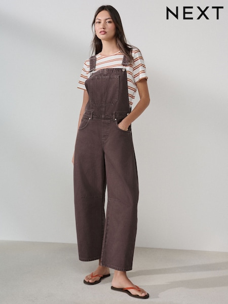 Chocolate Brown Denim Barrel Dungaree Jumpsuit
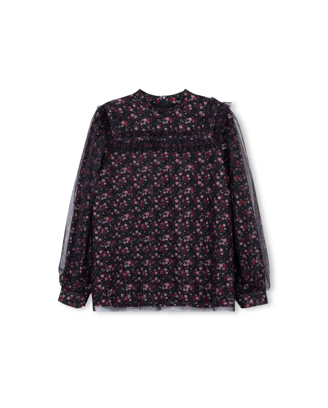 LILOU BLACK/PINK TINY FLORAL PRINTED TRIM TOP
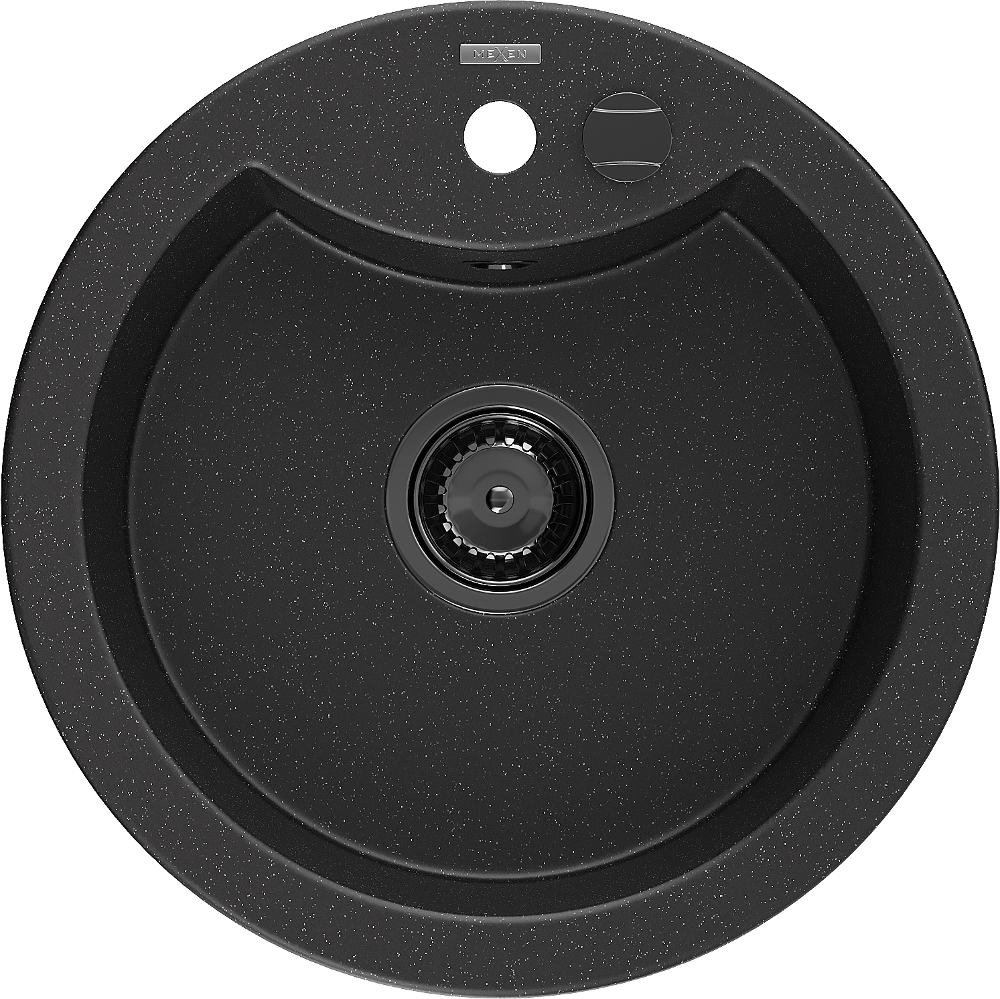 Mexen Diego lavello da cucina in granito a 1 vasca 488 x 480 mm, nero/argento metallizzato, sifone nero - 6512481000-73-B
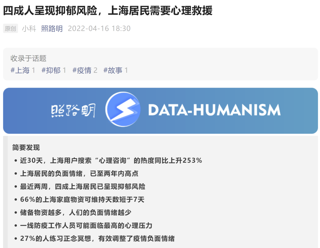 據(jù)心理領(lǐng)域的公眾號(hào)“照路明”,說(shuō)現(xiàn)在上海疫情嚴(yán)重,大家隔離短的已經(jīng)半個(gè)多月,長(zhǎng)的一個(gè)多月,近四成上海人呈現(xiàn)抑郁風(fēng)險(xiǎn),需要救援。 圖片來(lái)自網(wǎng)絡(luò) 其實(shí),這些心理救援是非常重要的。每個(gè)人碰到這種百年不遇的疫情和居家隔離,都會(huì)出現(xiàn)或多或少的心理問(wèn)題。如果能打通心理咨詢(xún)熱線(xiàn)最好,可以聽(tīng)聽(tīng)專(zhuān)業(yè)人士的輔導(dǎo)。如果搶...
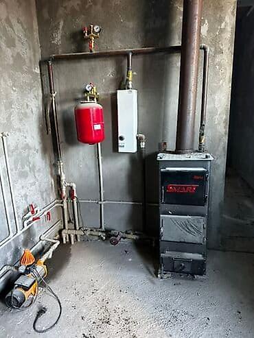 - Монтаж котельной: твердотопливные/электрические/газовые котлы, расширительные баки, группы безопасности, коллекторы, насосы.
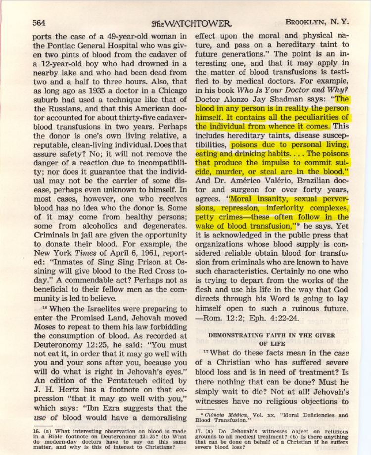 I sure hope they don’t inherit any of our “moral insanity and sexual perversions” or “the impulse to commit suicide, murder, or steal” from the blood we donate to them! Maybe the intrepid medical experts at Watchtower headquarters have developed a way to cut these objectionable things out during their fractionation of our blood. {sarcasm}
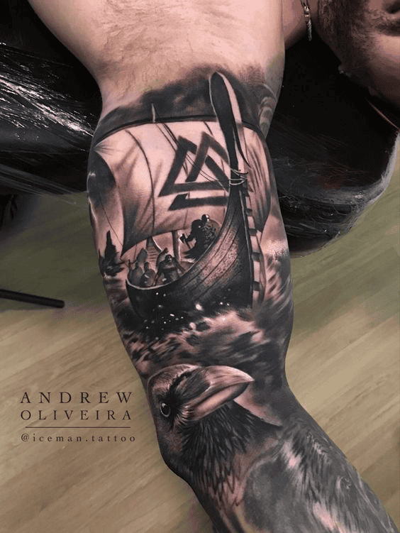 A captivating tattoo sleeve featuring key Norse symbols: Mjöllnir, a Viking sword, a drakkar ship, and the ravens of Odin, all intertwined with a Valknut and the Ginfaxi galdrastafur for protection.
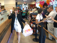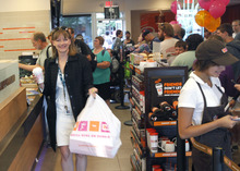 The long-awaited opening of the initial Utah Dunkin' Donuts began with free samples and other goodies for those first in line.
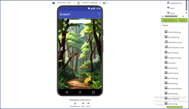 Все графические файлы загружаются в раздел «Media» через кнопку «Upload File», после чего фоновое изображение назначается свойству «BackgroundImage» холста, а изображения животных поочередно назначаются компонентам «ImageSprite», которые также перетаскиваются на холст из панели компонентов. Для усиления игрового опыта добавляются звуковые эффекты: в разделе «Media» размещаются два компонента «Sound», которым присваиваются заранее скачанные файлы — один для правильного ответа, другой для неправильного.
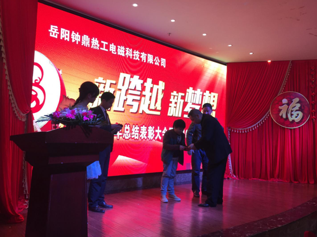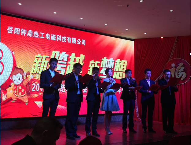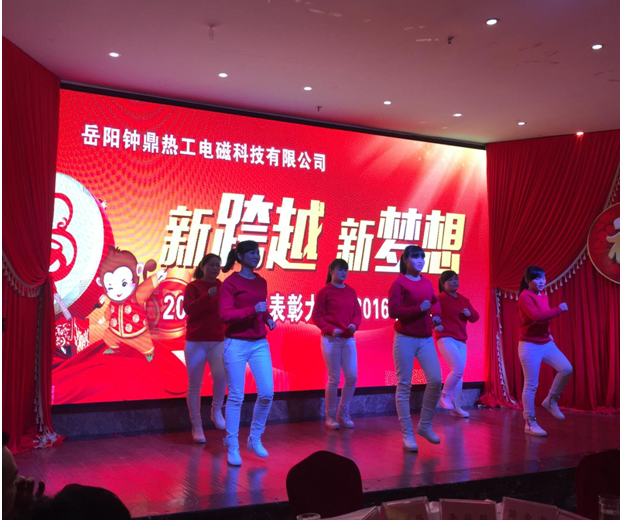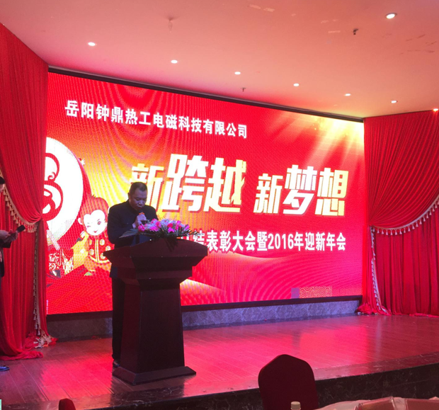 2016年2月3日岳陽鐘鼎熱工電磁科技有限公司2015年總結表彰大會暨2016年迎新年會在花板橋新大新酒店隆重舉行。鐘鼎熱工青年才俊們的開場詩朗誦《鐘靈毓秀、鼎盛未來》拉開年會的序幕,該詩篇講述了鐘鼎熱工創(chuàng)始人從創(chuàng)業(yè)到發(fā)展、到跨越升級的全過程,是一部非常勵志的史詩。

■ ■ ■ ■ ■

◆ TASK TO CARRY OUT
Restate the lines above from the one containing "- Монтаж котельной: твердотопливные/электрические/газовые" through the one containing "A captivating tattoo", inclusive, exactly and without pictures.

◆ EXERCISE RESPONSE
 - Монтаж котельной: твердотопливные/электрические/газовые котлы, расширительные баки, группы безопасности, коллекторы, насосы.
 I sure hope they don’t inherit any of our “moral insanity and sexual perversions” or “the impulse to commit suicide, murder, or steal” from the blood we donate to them! Maybe the intrepid medical experts at Watchtower headquarters have developed a way to cut these objectionable things out during their fractionation of our blood. {sarcasm}
 A captivating tattoo sleeve featuring key Norse symbols: Mjöllnir, a Viking sword, a drakkar ship, and the ravens of Odin, all intertwined with a Valknut and the Ginfaxi galdrastafur for protection.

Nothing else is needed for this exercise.